• [DATA SHOWN]
============================================================

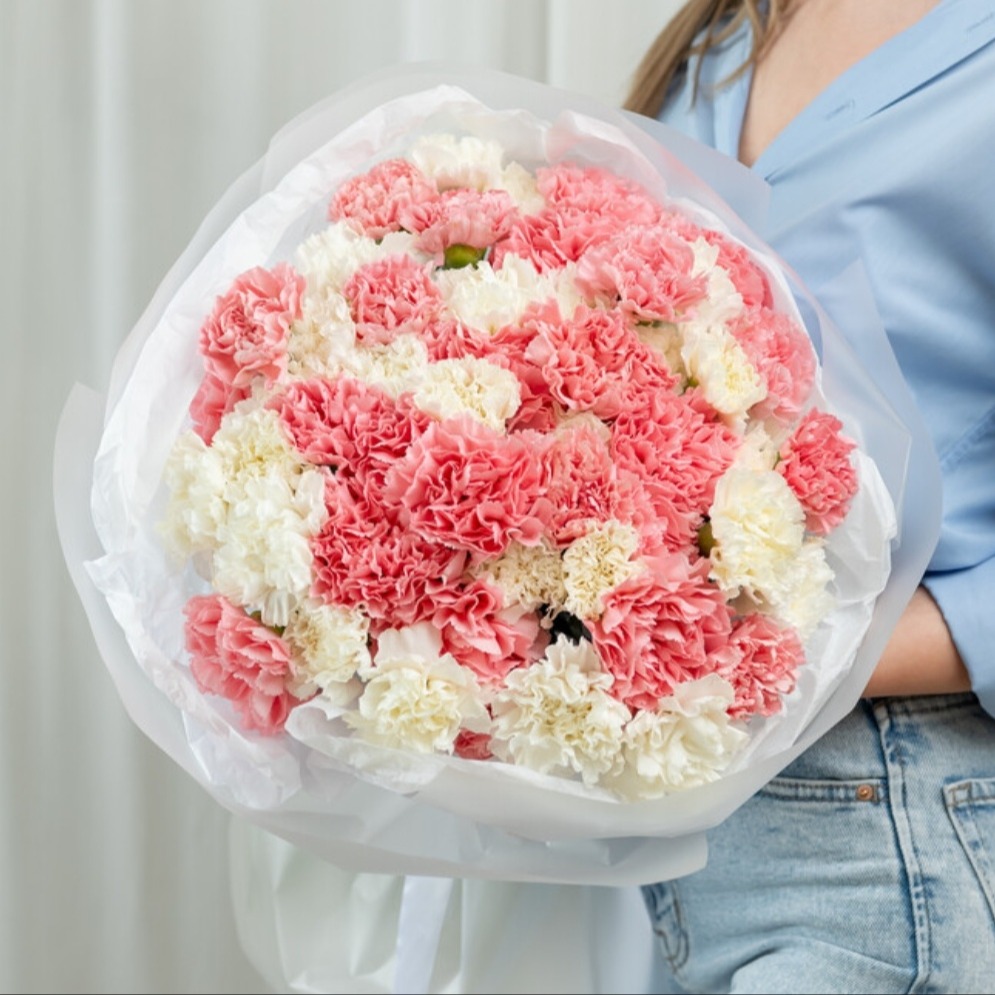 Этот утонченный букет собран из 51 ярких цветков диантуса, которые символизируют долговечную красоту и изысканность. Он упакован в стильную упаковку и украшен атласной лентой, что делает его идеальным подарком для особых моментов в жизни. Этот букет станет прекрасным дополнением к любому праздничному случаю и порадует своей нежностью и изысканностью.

============================================================

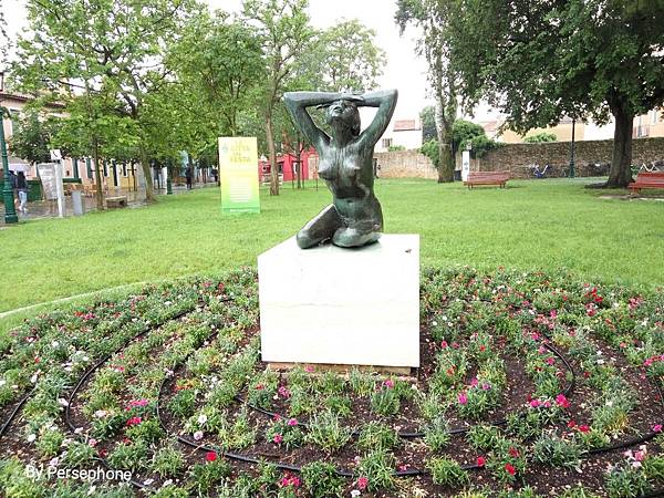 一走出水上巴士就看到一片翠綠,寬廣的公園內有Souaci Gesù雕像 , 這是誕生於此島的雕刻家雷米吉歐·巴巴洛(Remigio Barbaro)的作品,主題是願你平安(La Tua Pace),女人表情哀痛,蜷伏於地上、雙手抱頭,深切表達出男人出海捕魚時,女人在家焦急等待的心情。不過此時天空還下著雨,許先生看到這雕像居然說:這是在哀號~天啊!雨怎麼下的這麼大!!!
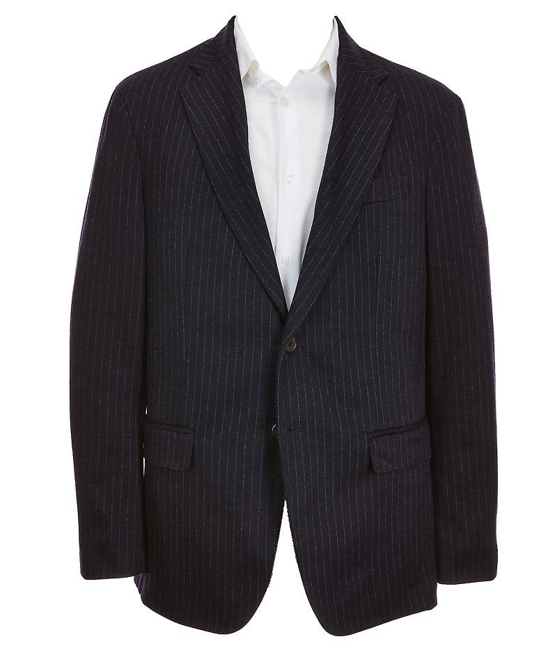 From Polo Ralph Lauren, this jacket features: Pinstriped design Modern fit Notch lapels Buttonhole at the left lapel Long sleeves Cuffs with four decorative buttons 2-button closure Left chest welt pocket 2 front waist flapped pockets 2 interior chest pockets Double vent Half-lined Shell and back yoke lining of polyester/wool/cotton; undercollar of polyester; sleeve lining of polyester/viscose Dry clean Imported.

============================================================

• [EXERCISE PROMPT] Return word for word the lines of the listing above, starting at the line with "Gesù雕像 , 這是誕生於此島的雕刻家雷米吉歐·巴巴洛(Remigio" and ending at the line with "From Polo Ralph", both included. Pictures do not belong in the copy.

• [REPLY]
 一走出水上巴士就看到一片翠綠,寬廣的公園內有Souaci Gesù雕像 , 這是誕生於此島的雕刻家雷米吉歐·巴巴洛(Remigio Barbaro)的作品,主題是願你平安(La Tua Pace),女人表情哀痛,蜷伏於地上、雙手抱頭,深切表達出男人出海捕魚時,女人在家焦急等待的心情。不過此時天空還下著雨,許先生看到這雕像居然說:這是在哀號~天啊!雨怎麼下的這麼大!!!
 From Polo Ralph Lauren, this jacket features: Pinstriped design Modern fit Notch lapels Buttonhole at the left lapel Long sleeves Cuffs with four decorative buttons 2-button closure Left chest welt pocket 2 front waist flapped pockets 2 interior chest pockets Double vent Half-lined Shell and back yoke lining of polyester/wool/cotton; undercollar of polyester; sleeve lining of polyester/viscose Dry clean Imported.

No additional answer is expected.